:: What this task involves ::
Print the listing in its entirety and exactly, leaving out images.

☆ ☆ ☆ ☆ ☆

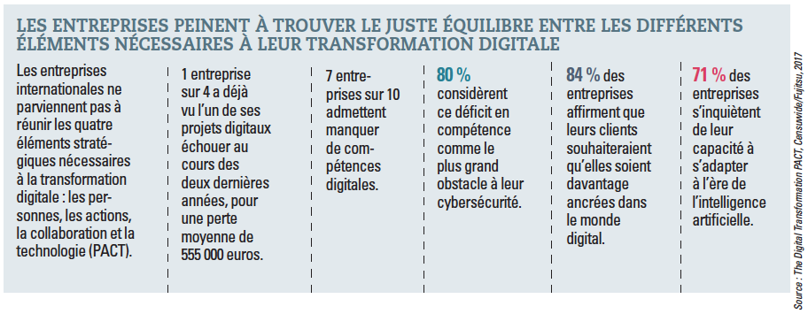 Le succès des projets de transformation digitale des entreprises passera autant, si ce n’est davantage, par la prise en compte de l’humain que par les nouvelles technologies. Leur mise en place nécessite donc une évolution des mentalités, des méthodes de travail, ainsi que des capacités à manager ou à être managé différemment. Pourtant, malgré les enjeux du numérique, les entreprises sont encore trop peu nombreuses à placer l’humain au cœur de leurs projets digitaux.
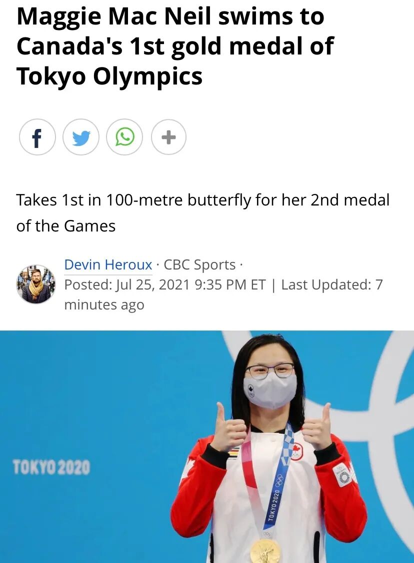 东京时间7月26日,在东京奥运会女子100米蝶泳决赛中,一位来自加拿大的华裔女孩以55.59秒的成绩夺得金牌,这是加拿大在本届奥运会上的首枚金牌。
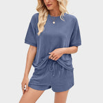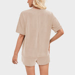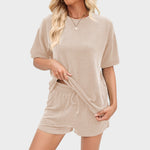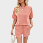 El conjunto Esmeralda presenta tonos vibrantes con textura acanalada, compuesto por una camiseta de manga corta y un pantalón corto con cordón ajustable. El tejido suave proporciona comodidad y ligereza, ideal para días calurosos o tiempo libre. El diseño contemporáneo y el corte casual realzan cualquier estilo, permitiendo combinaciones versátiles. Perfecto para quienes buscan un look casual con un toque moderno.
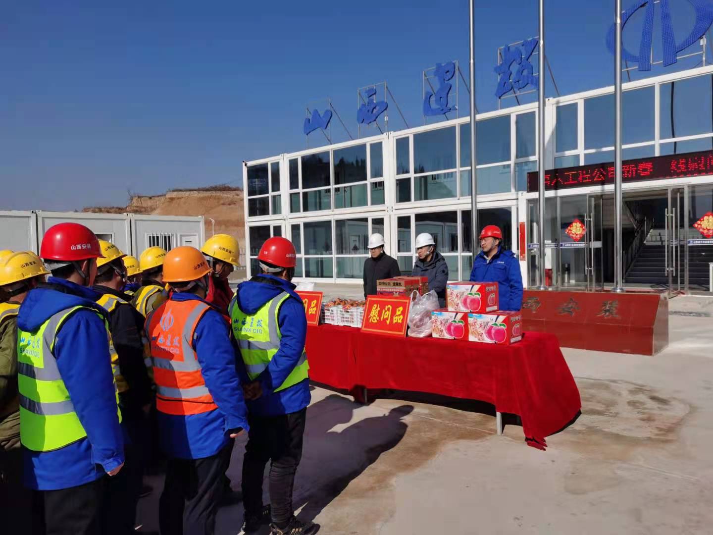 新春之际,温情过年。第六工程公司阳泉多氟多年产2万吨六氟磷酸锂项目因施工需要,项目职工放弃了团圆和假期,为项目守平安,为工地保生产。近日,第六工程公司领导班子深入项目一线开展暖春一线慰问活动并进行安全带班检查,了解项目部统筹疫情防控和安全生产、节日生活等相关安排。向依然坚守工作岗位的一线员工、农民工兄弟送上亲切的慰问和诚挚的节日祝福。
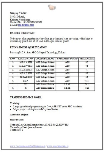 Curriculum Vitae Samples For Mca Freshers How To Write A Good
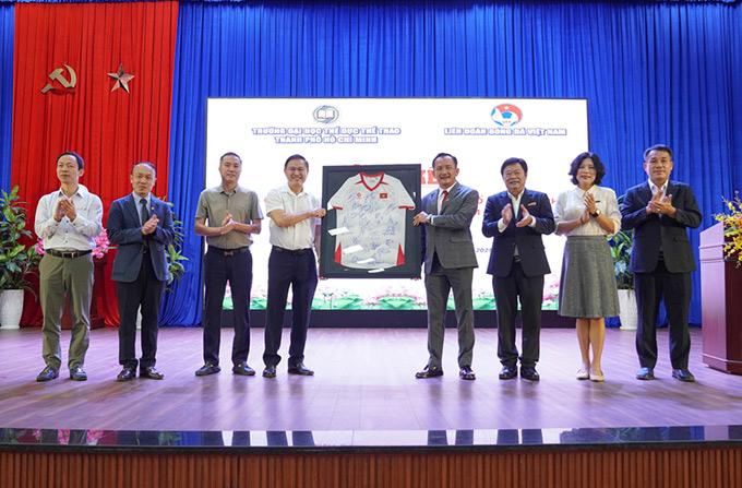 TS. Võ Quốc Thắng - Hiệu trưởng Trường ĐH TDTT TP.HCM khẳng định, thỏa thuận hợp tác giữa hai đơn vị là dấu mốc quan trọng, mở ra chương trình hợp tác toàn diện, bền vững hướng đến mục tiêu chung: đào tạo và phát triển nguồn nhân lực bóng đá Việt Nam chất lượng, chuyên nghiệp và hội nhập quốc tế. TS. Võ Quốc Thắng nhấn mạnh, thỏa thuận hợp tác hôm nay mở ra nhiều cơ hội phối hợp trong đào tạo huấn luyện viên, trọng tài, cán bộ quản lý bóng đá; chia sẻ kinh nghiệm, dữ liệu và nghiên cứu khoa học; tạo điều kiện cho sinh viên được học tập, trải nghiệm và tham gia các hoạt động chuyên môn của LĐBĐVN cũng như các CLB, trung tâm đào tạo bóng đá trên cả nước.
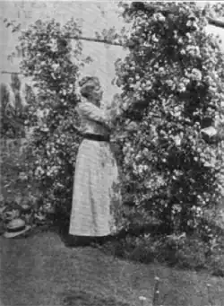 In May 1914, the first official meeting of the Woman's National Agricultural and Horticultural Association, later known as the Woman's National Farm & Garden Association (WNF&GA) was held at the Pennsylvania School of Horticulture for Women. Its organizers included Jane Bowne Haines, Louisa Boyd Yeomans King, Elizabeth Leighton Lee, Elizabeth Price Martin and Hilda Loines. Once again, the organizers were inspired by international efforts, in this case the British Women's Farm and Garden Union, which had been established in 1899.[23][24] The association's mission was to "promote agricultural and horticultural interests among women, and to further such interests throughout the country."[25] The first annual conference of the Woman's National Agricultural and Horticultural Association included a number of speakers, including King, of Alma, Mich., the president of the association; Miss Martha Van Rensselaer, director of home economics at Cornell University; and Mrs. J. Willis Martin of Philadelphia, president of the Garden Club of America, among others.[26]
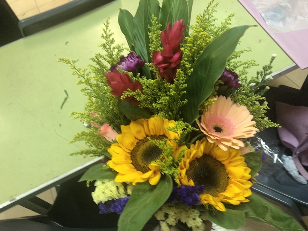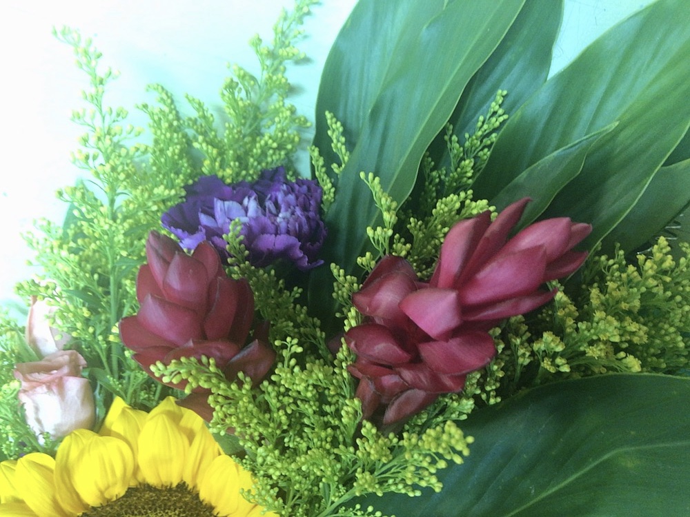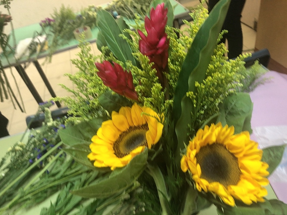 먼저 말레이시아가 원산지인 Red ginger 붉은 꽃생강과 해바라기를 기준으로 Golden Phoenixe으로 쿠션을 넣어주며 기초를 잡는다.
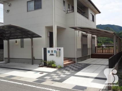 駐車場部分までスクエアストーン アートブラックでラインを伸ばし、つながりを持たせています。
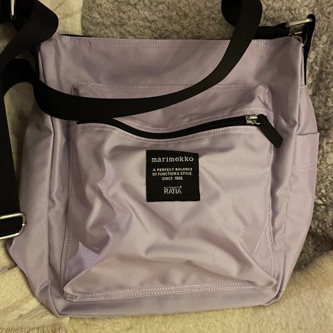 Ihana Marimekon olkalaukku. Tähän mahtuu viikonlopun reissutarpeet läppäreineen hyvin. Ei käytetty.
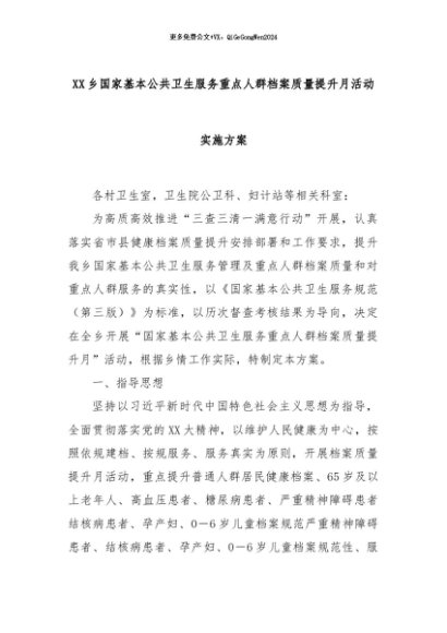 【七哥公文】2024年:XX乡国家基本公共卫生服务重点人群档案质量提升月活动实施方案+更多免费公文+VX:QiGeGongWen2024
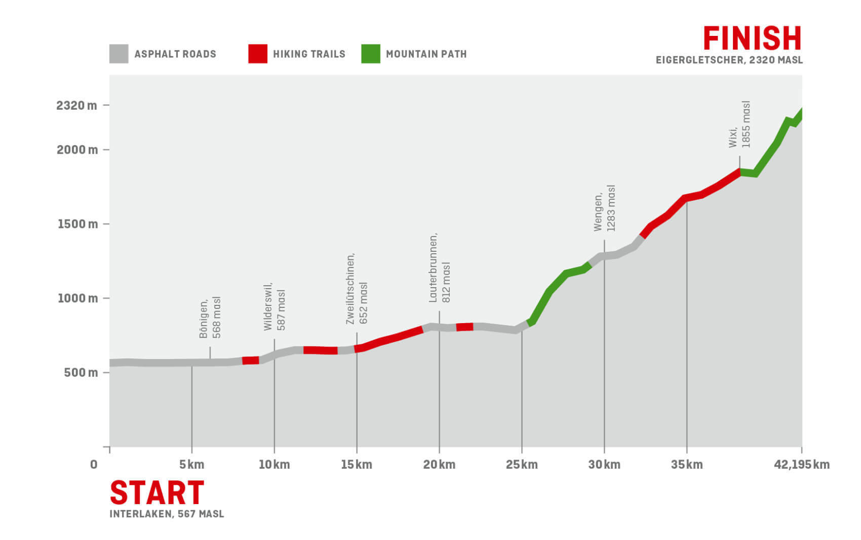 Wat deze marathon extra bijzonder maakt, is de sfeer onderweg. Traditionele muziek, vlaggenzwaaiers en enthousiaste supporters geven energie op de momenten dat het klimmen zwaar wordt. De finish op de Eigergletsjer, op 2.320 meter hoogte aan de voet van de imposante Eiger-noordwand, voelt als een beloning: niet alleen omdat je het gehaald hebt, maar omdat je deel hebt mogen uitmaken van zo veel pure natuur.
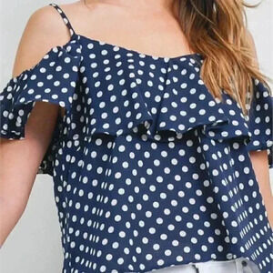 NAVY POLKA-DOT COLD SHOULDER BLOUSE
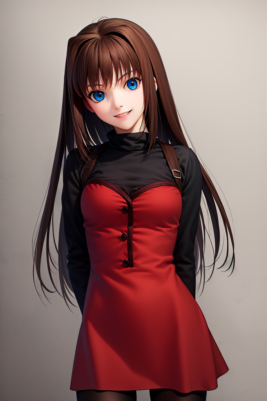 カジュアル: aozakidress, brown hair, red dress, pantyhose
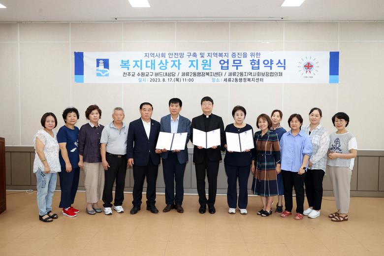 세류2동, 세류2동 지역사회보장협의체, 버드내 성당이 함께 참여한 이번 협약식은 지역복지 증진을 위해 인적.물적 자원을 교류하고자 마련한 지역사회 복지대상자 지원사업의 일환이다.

☆ ☆ ☆ ☆ ☆

:: Task response ::
 Le succès des projets de transformation digitale des entreprises passera autant, si ce n’est davantage, par la prise en compte de l’humain que par les nouvelles technologies. Leur mise en place nécessite donc une évolution des mentalités, des méthodes de travail, ainsi que des capacités à manager ou à être managé différemment. Pourtant, malgré les enjeux du numérique, les entreprises sont encore trop peu nombreuses à placer l’humain au cœur de leurs projets digitaux.
 东京时间7月26日,在东京奥运会女子100米蝶泳决赛中,一位来自加拿大的华裔女孩以55.59秒的成绩夺得金牌,这是加拿大在本届奥运会上的首枚金牌。
 El conjunto Esmeralda presenta tonos vibrantes con textura acanalada, compuesto por una camiseta de manga corta y un pantalón corto con cordón ajustable. El tejido suave proporciona comodidad y ligereza, ideal para días calurosos o tiempo libre. El diseño contemporáneo y el corte casual realzan cualquier estilo, permitiendo combinaciones versátiles. Perfecto para quienes buscan un look casual con un toque moderno.
 新春之际,温情过年。第六工程公司阳泉多氟多年产2万吨六氟磷酸锂项目因施工需要,项目职工放弃了团圆和假期,为项目守平安,为工地保生产。近日,第六工程公司领导班子深入项目一线开展暖春一线慰问活动并进行安全带班检查,了解项目部统筹疫情防控和安全生产、节日生活等相关安排。向依然坚守工作岗位的一线员工、农民工兄弟送上亲切的慰问和诚挚的节日祝福。
 Curriculum Vitae Samples For Mca Freshers How To Write A Good
 TS. Võ Quốc Thắng - Hiệu trưởng Trường ĐH TDTT TP.HCM khẳng định, thỏa thuận hợp tác giữa hai đơn vị là dấu mốc quan trọng, mở ra chương trình hợp tác toàn diện, bền vững hướng đến mục tiêu chung: đào tạo và phát triển nguồn nhân lực bóng đá Việt Nam chất lượng, chuyên nghiệp và hội nhập quốc tế. TS. Võ Quốc Thắng nhấn mạnh, thỏa thuận hợp tác hôm nay mở ra nhiều cơ hội phối hợp trong đào tạo huấn luyện viên, trọng tài, cán bộ quản lý bóng đá; chia sẻ kinh nghiệm, dữ liệu và nghiên cứu khoa học; tạo điều kiện cho sinh viên được học tập, trải nghiệm và tham gia các hoạt động chuyên môn của LĐBĐVN cũng như các CLB, trung tâm đào tạo bóng đá trên cả nước.
 In May 1914, the first official meeting of the Woman's National Agricultural and Horticultural Association, later known as the Woman's National Farm & Garden Association (WNF&GA) was held at the Pennsylvania School of Horticulture for Women. Its organizers included Jane Bowne Haines, Louisa Boyd Yeomans King, Elizabeth Leighton Lee, Elizabeth Price Martin and Hilda Loines. Once again, the organizers were inspired by international efforts, in this case the British Women's Farm and Garden Union, which had been established in 1899.[23][24] The association's mission was to "promote agricultural and horticultural interests among women, and to further such interests throughout the country."[25] The first annual conference of the Woman's National Agricultural and Horticultural Association included a number of speakers, including King, of Alma, Mich., the president of the association; Miss Martha Van Rensselaer, director of home economics at Cornell University; and Mrs. J. Willis Martin of Philadelphia, president of the Garden Club of America, among others.[26]
 먼저 말레이시아가 원산지인 Red ginger 붉은 꽃생강과 해바라기를 기준으로 Golden Phoenixe으로 쿠션을 넣어주며 기초를 잡는다.
 駐車場部分までスクエアストーン アートブラックでラインを伸ばし、つながりを持たせています。
 Ihana Marimekon olkalaukku. Tähän mahtuu viikonlopun reissutarpeet läppäreineen hyvin. Ei käytetty.
 【七哥公文】2024年:XX乡国家基本公共卫生服务重点人群档案质量提升月活动实施方案+更多免费公文+VX:QiGeGongWen2024
 Wat deze marathon extra bijzonder maakt, is de sfeer onderweg. Traditionele muziek, vlaggenzwaaiers en enthousiaste supporters geven energie op de momenten dat het klimmen zwaar wordt. De finish op de Eigergletsjer, op 2.320 meter hoogte aan de voet van de imposante Eiger-noordwand, voelt als een beloning: niet alleen omdat je het gehaald hebt, maar omdat je deel hebt mogen uitmaken van zo veel pure natuur.
 NAVY POLKA-DOT COLD SHOULDER BLOUSE
 カジュアル: aozakidress, brown hair, red dress, pantyhose
 세류2동, 세류2동 지역사회보장협의체, 버드내 성당이 함께 참여한 이번 협약식은 지역복지 증진을 위해 인적.물적 자원을 교류하고자 마련한 지역사회 복지대상자 지원사업의 일환이다.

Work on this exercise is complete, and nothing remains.